Douglas E. Burkes

The Application of Self-Propagating High-Temperature Synthesis of Engineered Porous Composite Biomedical Materials

The term “self-propagating high-temperature synthesis” (SHS), or “combustion synthesis”, refers to an exothermic chemical reaction process that utilizes the heat generated by the exothermic reaction to ignite and sustain a propagating combustion wave through the reactants to produce the desired product(s). The products of combustion synthesis normally are extremely porous: Typically 50 percent of theoretical density. Advantages of combustion synthesis over traditional processing routes, e.g., sintering, in the production of advanced materials such as ceramics, intermetallic compounds and composites include process economics, simplicity of operation, and low energy requirements. However, the high exothermicity and rapid combustion propagation rates necessitate a high degree of control of these reactions. One research area being conducted in the Center for Space Resources (ISR) at the Colorado School of Mines (CSM) is the application of SHS to synthesize advanced, engineered porous TiB–Ti, NiTi, NiTi–TiC, TiC–Ti, and multiphase/heterogeneous calcium phosphate (HCaP) for bone tissue engineering and drug delivery systems. Processing conditions, such as reaction stoichiometry, green density, and gasifying agent, greatly affect the structure and properties of the SHS porous products. In general, all porous composite materials produced in this work for tissue engineering, including NiTi, NiTi + TiC, TiC + Ti, TiB + Ti, and multiphase/heterogeneous calcium phosphate (HCaP), appear to be biocompatible with no overt toxicity observed either in vitro or in vivo. An example of an SHS reaction is Ni + Ti = NiTi. The extent of the porosity and the size of the pores can be controlled using certain ‘gasifying agent such as B2O3, CaCO3. The article discusses the synthesis of porous TiB–Ti, NiTi, Ni3Ti–TiC, TiC–Ti, and multiphase/heterogeneous calcium phosphate (HCaP) for bone tissue engineering and drug delivery systems.

Production of Ni3Ti-TiCx intermetallic-ceramic composites employing combustion synthesis reactions

Combustion synthesis (CS) of nickel, titanium, and carbon (graphite) reactant particles can result in NiTi-TiC (stoichiometric) or Ni3Ti-TiCx (nonstoichiometric) composites. Since NiTi exhibits both superelasticity and shape memory properties while Ni3Ti does not, it is important to understand the SHS reaction conditions under which each of these composite systems may be synthesized. The stoichiometry of TiCx, for which 0.3 ≤ x ≤ 0.5, has an important controlling effect on the formation of either Ni3Ti or NiTi; i.e., formation of TiC0.7 results in a depletion of titanium and formation of Ni3Ti. This deficiency should be considered when developing the SHS reaction. This article examines the SHS conditions under which Ni3Ti-TiCx composites are produced. Ignition, combustion, and microstructure characteristics of nickel, titanium, and carbon (graphite) particles were investigated as a function of initial relative density and thermophysical properties of the reactant mixture. Combination of the thermophysical properties and burning velocities controlled TiCx particle size, yielding a dependence of particle size on cooling rate. Theoretical calculations were performed and are in good agreement with the experimental data presented.
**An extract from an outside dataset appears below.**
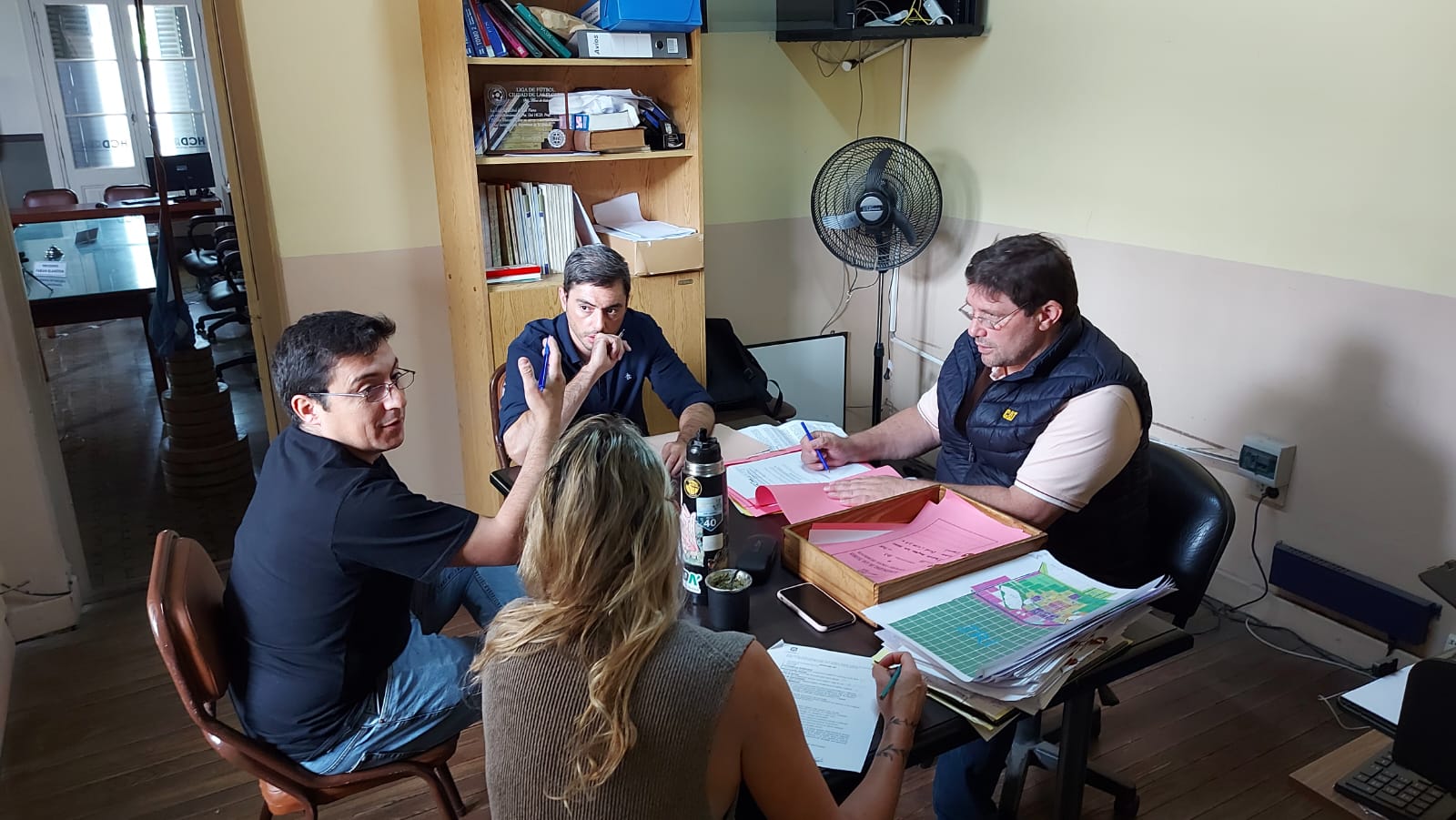 Este jueves 16 se realizó una nueva Reunión de Comisión Parlamentaria donde el presidente del HCD, Prof. Fabián Blanstein, se reunió con los concejales Sebastián Lizarraga (bloque Adelante Juntos), Luciana Ganum Cocola (Libertad Avanza) y Ezequiel Coronel (Todos por Las Flores) para analizar los diferentes puntos del Orden del Día de cara a lo que será la Sesión Ordinaria de hoy, desde las 19 horas, en el salón Oscar Alende.

Combustion Synthesis of a Functionally Graded NiTi-TiCx Composite

Combustion synthesis (CS) is an alternative technique for producing advanced materials and is dependent upon a highly exothermic chemical reaction to become self-sustaining after only a short energy pulse is applied to initiate the reaction. A NiTi-TiC x functionally graded material (FGM) was investigated that combines superelastic and shape memory capabilities of NiTi with the high hardness, wear, and corrosion resistance of TiC x . CS was employed to produce a FGM from 100% TiC x ceramic to 100% NiTi intermetallic. Temperature and burning velocity data of the CS reaction were recorded. XRD of the final product layers was conducted to determine phase composition. The combustion temperature, burning velocity, and cooling rate in each layer decreased with increasing NiTi content. Large blowholes were present in the high NiTi content layers as a result of outgassing of volatile species from the reactant powders. XRD analysis revealed the presence of Ni-Ti intermetallics along with a substoichiometric TiC (TiC 0.7 ). Production of a NiTi-TiC x FGM is possible through use of a CS reaction employing the propagating mode (SHS). The material layers were observed as functionally graded in both composition and porosity.